Which in fact is a total lie. vgpuvm shows that it is using the hardware GPU, nvidia-smi shows it, and dxdiag in the guest vm shows it is using it.

Any ideas?

[root@smview1:/vmfs/volumes/9d2dede8-7f3698ef/Training-0004] grep -i ‘mks|’ vmware.log
2016-06-09T15:41:56.342Z| mks| I120: VTHREAD start thread 2 “mks” pid 39369
2016-06-09T15:41:56.342Z| mks| I120: MKS thread is alive
2016-06-09T15:41:56.343Z| mks| I120: MKS-RenderMain: RenderMain: PowerOn allowed 0 1 1 1 0
2016-06-09T15:41:56.343Z| mks| I120: MKS-RenderMain: Collecting RenderOps caps…
2016-06-09T15:41:56.344Z| mks| W110: GLWindow: Unable to reserve host GPU resources
2016-06-09T15:41:56.351Z| mks| I120: MKS-SWP: plugin started - llvmpipe (LLVM 3.3, 256 bits)
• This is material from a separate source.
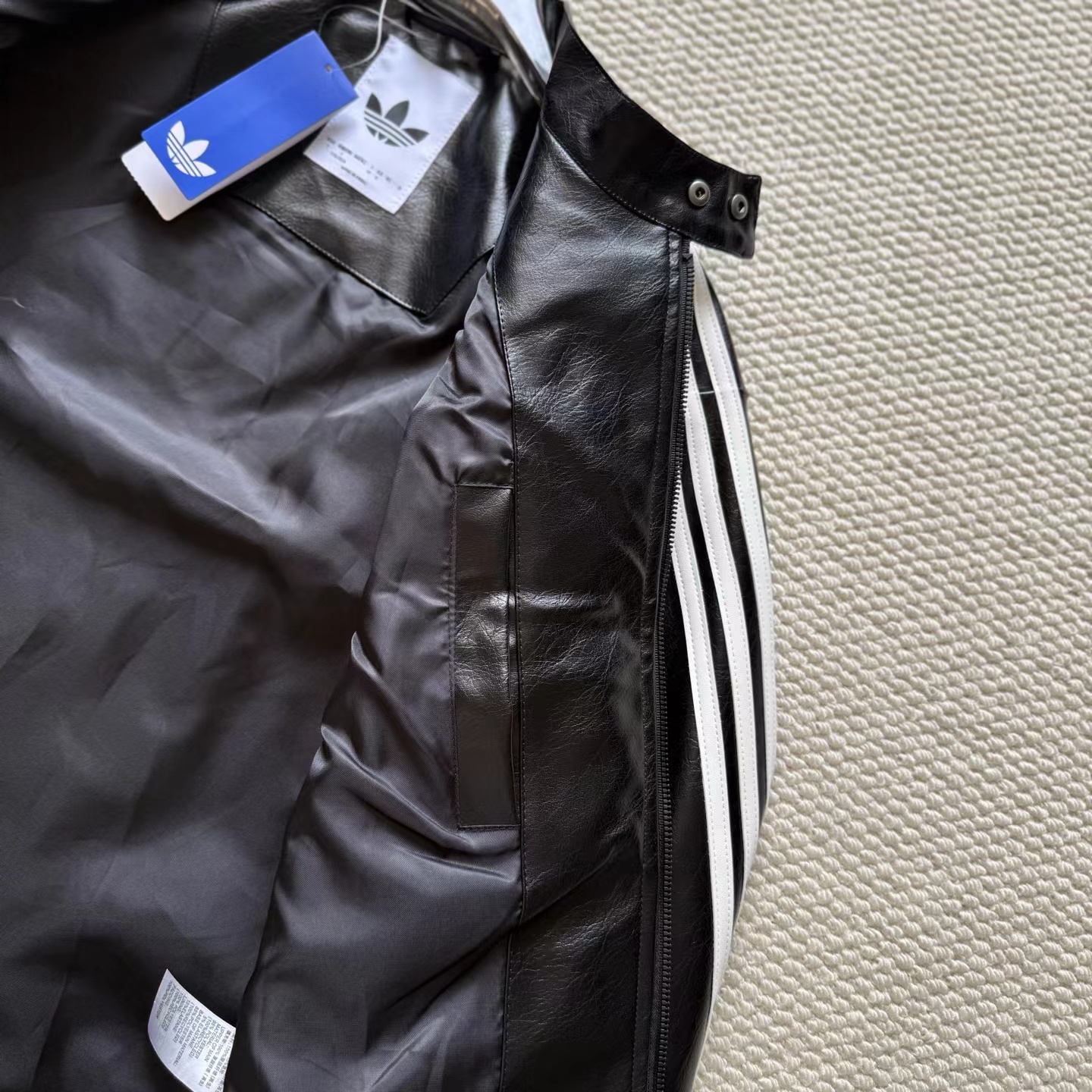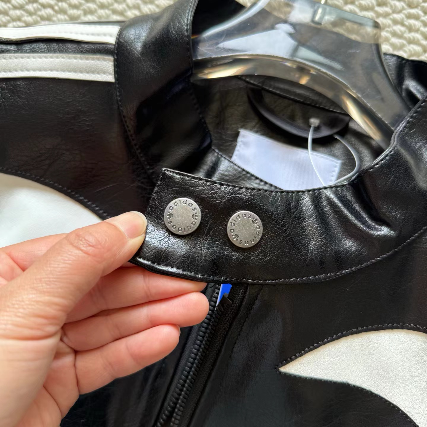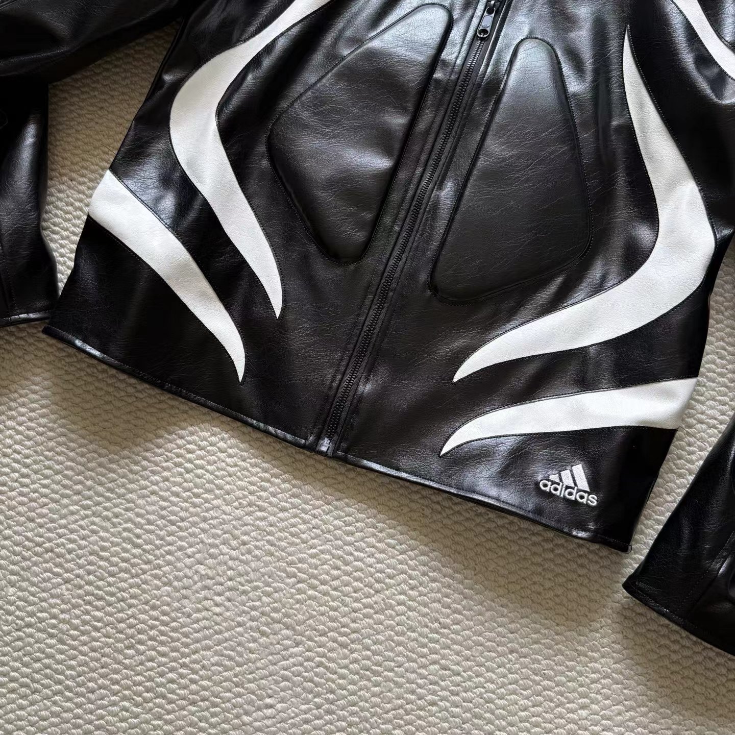 舒适亲肤立领宽松拉链夹克 男女同款!!机车皮衣,黑色皮质+白色线条,视觉冲击力满分!3D立体图案+流线型拼接,层次感十足,硬挺又细腻。后背jing致刺绣Logo,细节控必入!秀场款,街头风与jing致感兼具。复古or甜酷都能轻松驾驭,是潮流穿搭单品。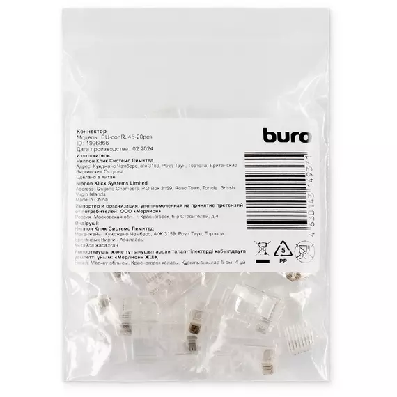 Коннектор BURO BU-CONRJ45-20PCS RJ45 прозрачный упак.:20шт

2016-06-09T15:41:56.351Z| mks| I120: Started Shim3D
2016-06-09T15:41:56.352Z| mks| I120: Stopped Shim3D
2016-06-09T15:41:56.352Z| mks| I120: MKS-SWP: plugin stopped
2016-06-09T15:41:56.352Z| mks| I120: MKS-RenderMain: Starting MKSBasicOps
2016-06-09T15:41:56.352Z| mks| I120: KHBKL: Unable to parse keystring at: ‘’
2016-06-09T15:41:56.352Z| mks| I120: MKS-RemoteMgr: Set default display name: Training-0004
2016-06-09T15:41:56.352Z| mks| I120: MKS-RemoteMgr: Loading VNC Configuration from VM config file
[root@smview1:/vmfs/volumes/9d2dede8-7f3698ef/Training-0004]
[root@smview1:/vmfs/volumes/9d2dede8-7f3698ef/Training-0004]
[root@smview1:/vmfs/volumes/9d2dede8-7f3698ef/Training-0004] grep -i ‘mks’ vmware.log
2016-06-09T15:41:55.633Z| vmx| I120: MKSXlib: Initialized thread-safe Xlib
2016-06-09T15:41:55.701Z| vmx| I120: DICT mks.enable3d = “TRUE”
2016-06-09T15:41:55.701Z| vmx| I120: DICT mks.use3dRenderer = “automatic”
2016-06-09T15:41:56.342Z| vmx| I120: MKS PowerOn
2016-06-09T15:41:56.342Z| mks| I120: VTHREAD start thread 2 “mks” pid 39369
2016-06-09T15:41:56.342Z| mks| I120: MKS thread is alive
2016-06-09T15:41:56.343Z| mks| I120: MKS-RenderMain: RenderMain: PowerOn allowed 0 1 1 1 0
2016-06-09T15:41:56.343Z| mks| I120: MKS-RenderMain: Collecting RenderOps caps…
2016-06-09T15:41:56.344Z| mks| W110: GLWindow: Unable to reserve host GPU resources
2016-06-09T15:41:56.351Z| mks| I120: MKS-SWP: plugin started - llvmpipe (LLVM 3.3, 256 bits)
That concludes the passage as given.